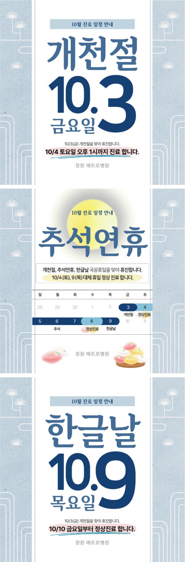 창원 메트로병원은 10월 3일 금요일 개천절과 추석 연휴,
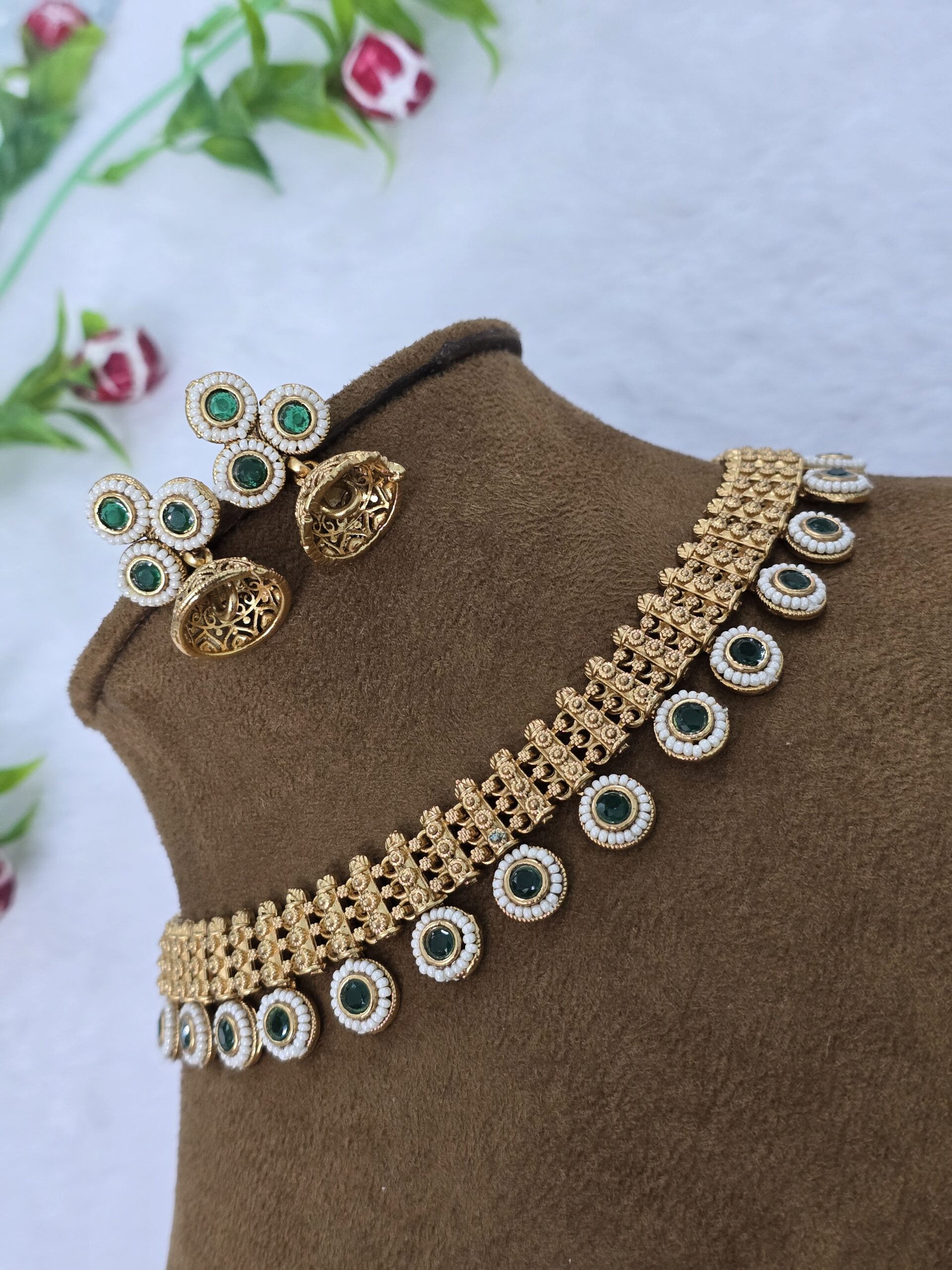 Our Indian necklace set for women includes a necklace and jhumka earrings. The necklace adorns the traditional gold work and intricate designs. The emerald stones at the end of the necklace accentuate the neck.
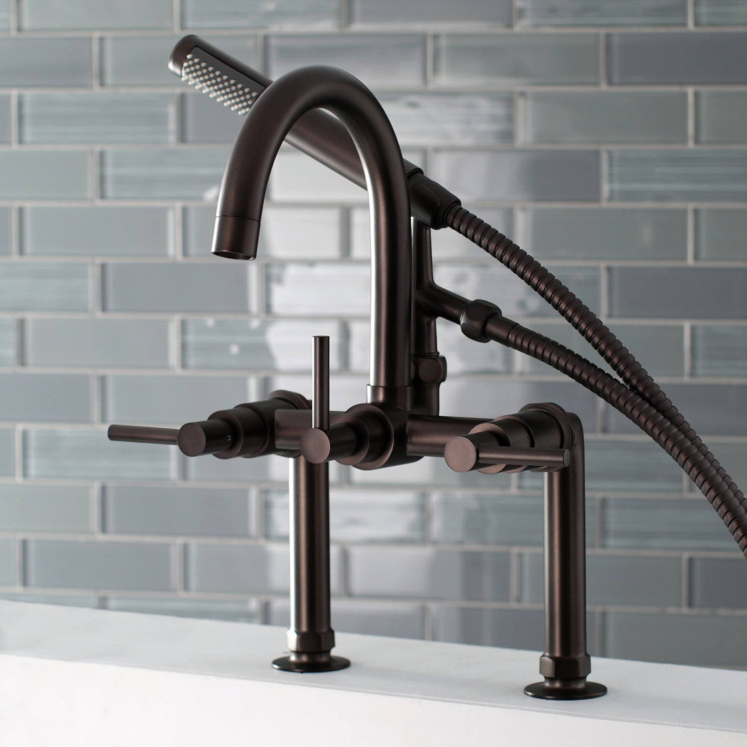 Concord AE8105DL Three-Handle 2-Hole Deck Mount Clawfoot Tub Faucet with Hand Shower, Oil Rubbed Bronze
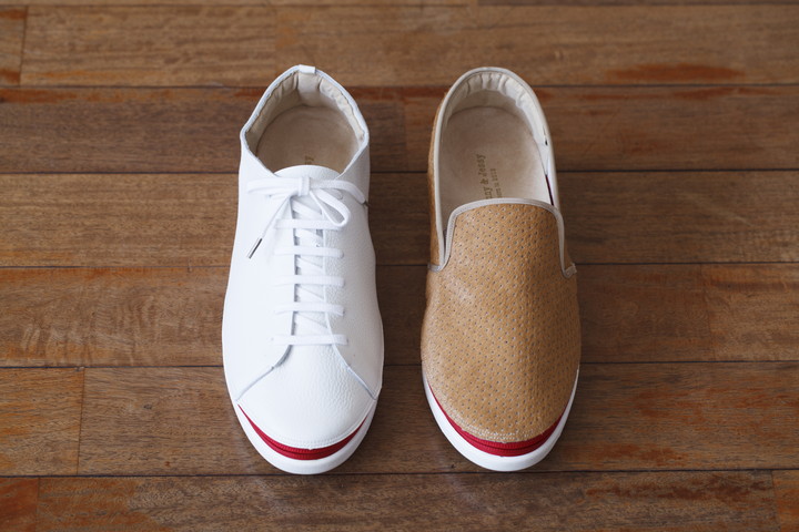二足並んだ靴。なんだか雰囲気は似ているけれど、でも違う靴に見えます。片方はシュリンクレザーのアッパーがオトナなイメージのレザースニーカー。もう片方は、軽やかな素材が夏っぽいパンチング加工されたアッパーのスリッポン。
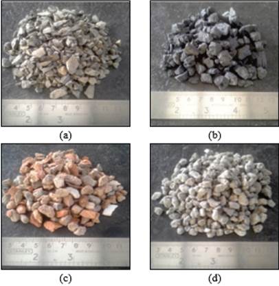 Figure 3: Aggregates: a) Basalt b) EFS c) CW and d) RCA.
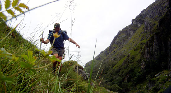 With an improved packing set up, I set off for the pass, no longer skirting the puddles and putting my weight onto the packstaff when needed. Taking it slow, I felt much safer with the staff as I plodded steadily up to the watershed. Here, still surrounded by boggy the steep valley sides, a faint sheep trail descended steeply to a water-logged valley where it disappeared altogether. Even with a staff and wet-proof feet, the valley still took some negotiating, inching around outcrops while leaning on the firmly planted staff which would have pretzeled a Leki walking pole. In the end, it was simpler to follow the stony river bed.
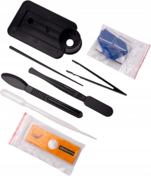 - Το σετ περιλαμβάνει: εργαλεία προετοιμασίας δειγμάτων, βασικές αντικειμενοφόρες πλάκες, φιαλίδια αποθήκευσης δειγμάτων, πανάκι καθαρισμού και βάση για τηλέφωνο.
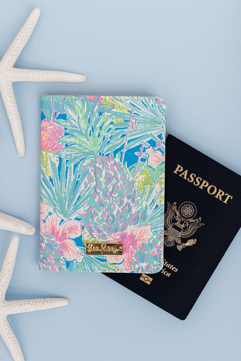 Lilly Pulitzer Vegan Leather Passport Holder, Cute Passport Cover, Travel Wallet with Credit Card Slots, Swizzle In
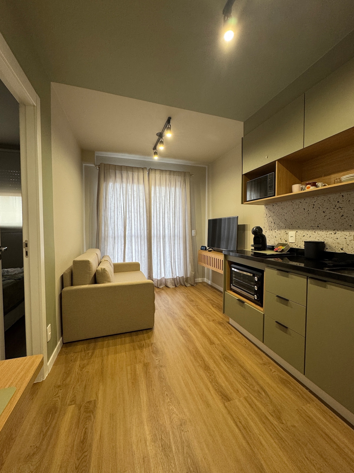 Boutique-studie i hjertet af Perdizes med et designprojekt. Brugerdefineret tømrerarbejde, signaturlæderseng, sengetøj med 500 tråde, sisaltæppe, mørklægningsgardiner, aircondition. Kurateret service af Casa Delas — alle kan købes. To håndlavede stykker fra det nordøstlige USA tilføjer sjæl til rummet. Klimakontrolleret vinkøleskab med flasker til salg, hyggelig spisekrog, oplyst glasskab og en boutique-hotelatmosfære. For ophold på syv nætter eller mere tilbyder vi morgenmad den første dag.
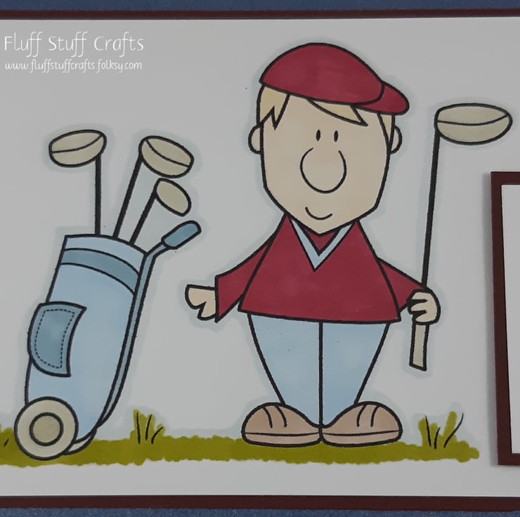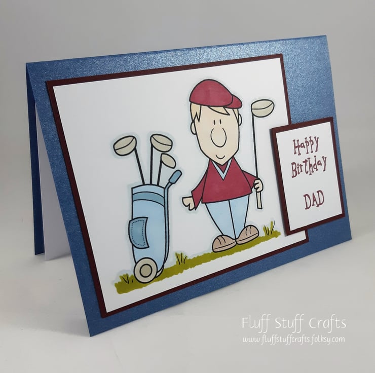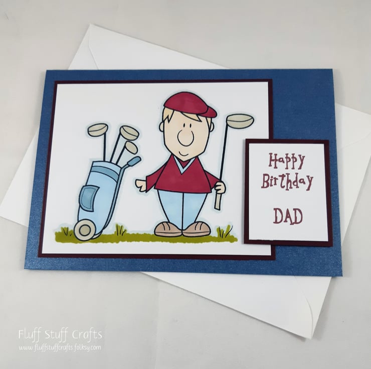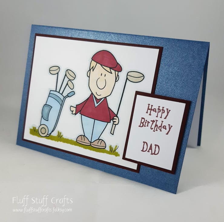 Blue A6 card featuring a hand coloured image of a male golfer, with the sentiment 'Happy Birthday Dad'. Both image and sentiment have been overlaid onto burgundy card.
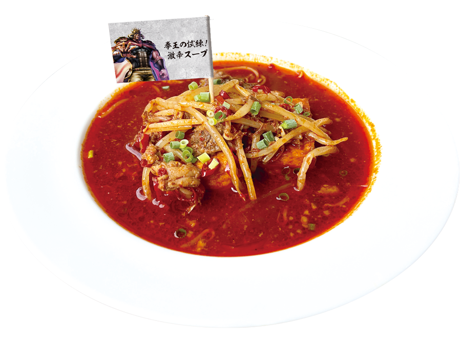 拳王からの試練として、悶絶必至の激辛スープを御用意しました。 口を付けたら最後、食べ終わった後もご注意ください!
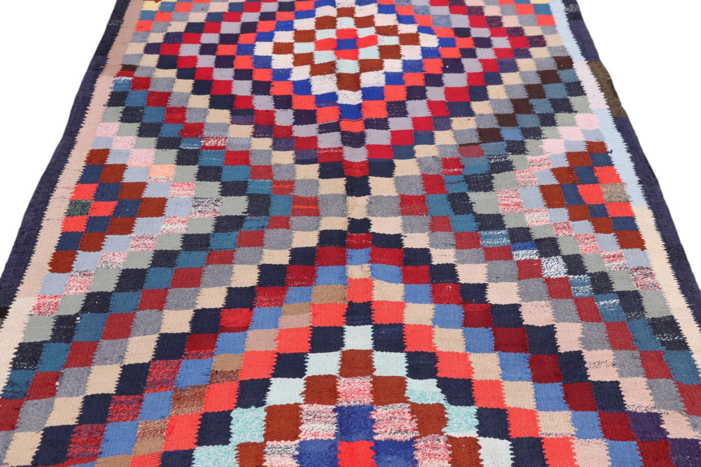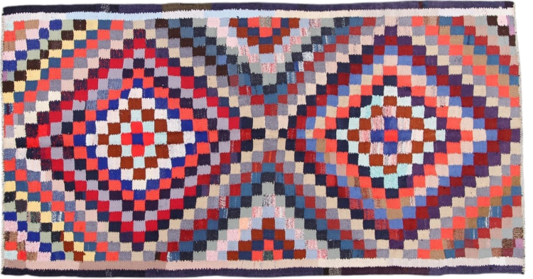 Esta alfombra fue hecha a mano en un telar como un tejido plano. Tejido plano es el término utilizado para describir las alfombras que no tienen pelo. Como el nombre promete, estas alfombras están tejidas y no anudadas. Esto resulta en una alfombra plana con una superficie estructurada. Los tejidos planos no son tan suaves y normalmente más delgados que las alfombras anudadas. Al mismo tiempo, su fabricación es mucho menos compleja y por lo general se pueden disponer por ambos lados (frontal y posterior). Sus patrones suelen ser geométricos, lo cual está determinado por el tejido.
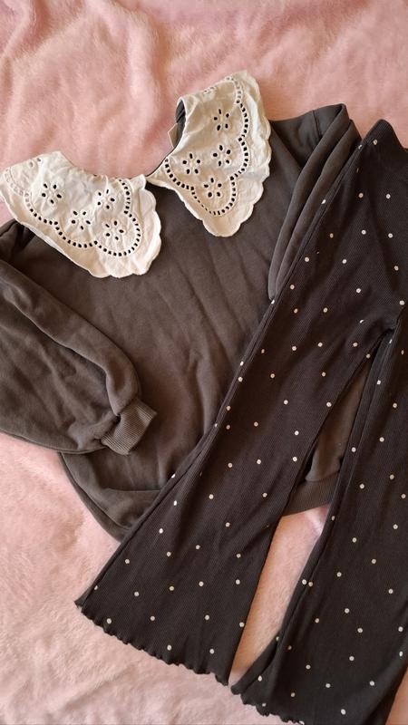 Кофта тепла з флісом штани на ризинці із дефектів маленька крапка але її не сильно видно штани темні Довжина штани 60 см рукав 43 см
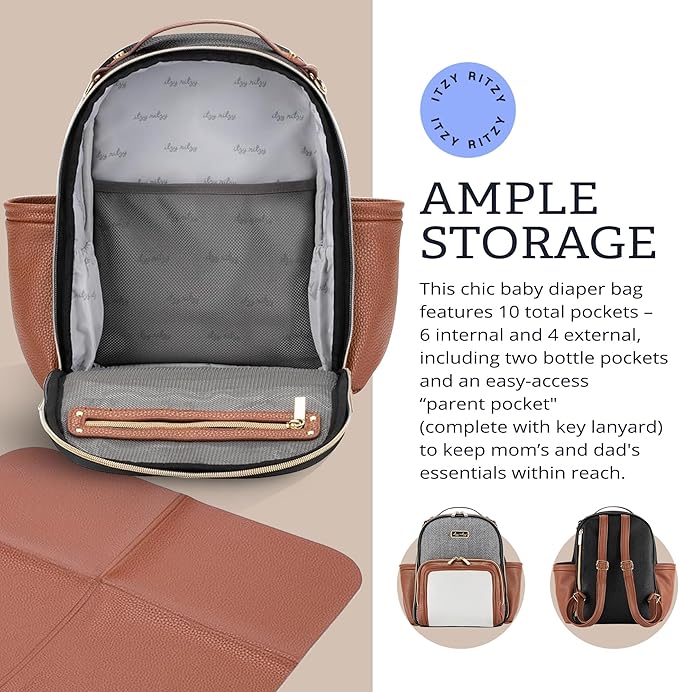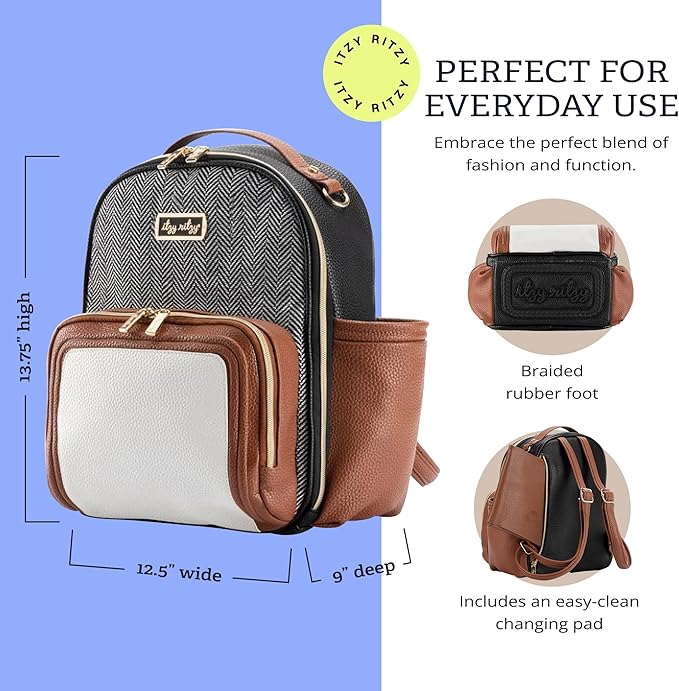 - CHIC & PRACTICAL DESIGN – The Itzy Ritzy Mini Plus Mini Diaper Bag Backpack blends modern style with everyday practicality. Made from vegan leather, this compact and chic travel diaper bag is perfect for quick outings when you need only the essentials for your baby. Its gender-neutral design ensures it’s ideal for any parent.

━━━

§ INSTRUCTIONS TO FOLLOW: Using the data above, retype exactly the lines from the line with "With an improved" to the line with "Lilly Pulitzer Vegan", inclusive. No pictures and nothing else.

§ ANSWER SECTION:
 With an improved packing set up, I set off for the pass, no longer skirting the puddles and putting my weight onto the packstaff when needed. Taking it slow, I felt much safer with the staff as I plodded steadily up to the watershed. Here, still surrounded by boggy the steep valley sides, a faint sheep trail descended steeply to a water-logged valley where it disappeared altogether. Even with a staff and wet-proof feet, the valley still took some negotiating, inching around outcrops while leaning on the firmly planted staff which would have pretzeled a Leki walking pole. In the end, it was simpler to follow the stony river bed.
 - Το σετ περιλαμβάνει: εργαλεία προετοιμασίας δειγμάτων, βασικές αντικειμενοφόρες πλάκες, φιαλίδια αποθήκευσης δειγμάτων, πανάκι καθαρισμού και βάση για τηλέφωνο.
 Lilly Pulitzer Vegan Leather Passport Holder, Cute Passport Cover, Travel Wallet with Credit Card Slots, Swizzle In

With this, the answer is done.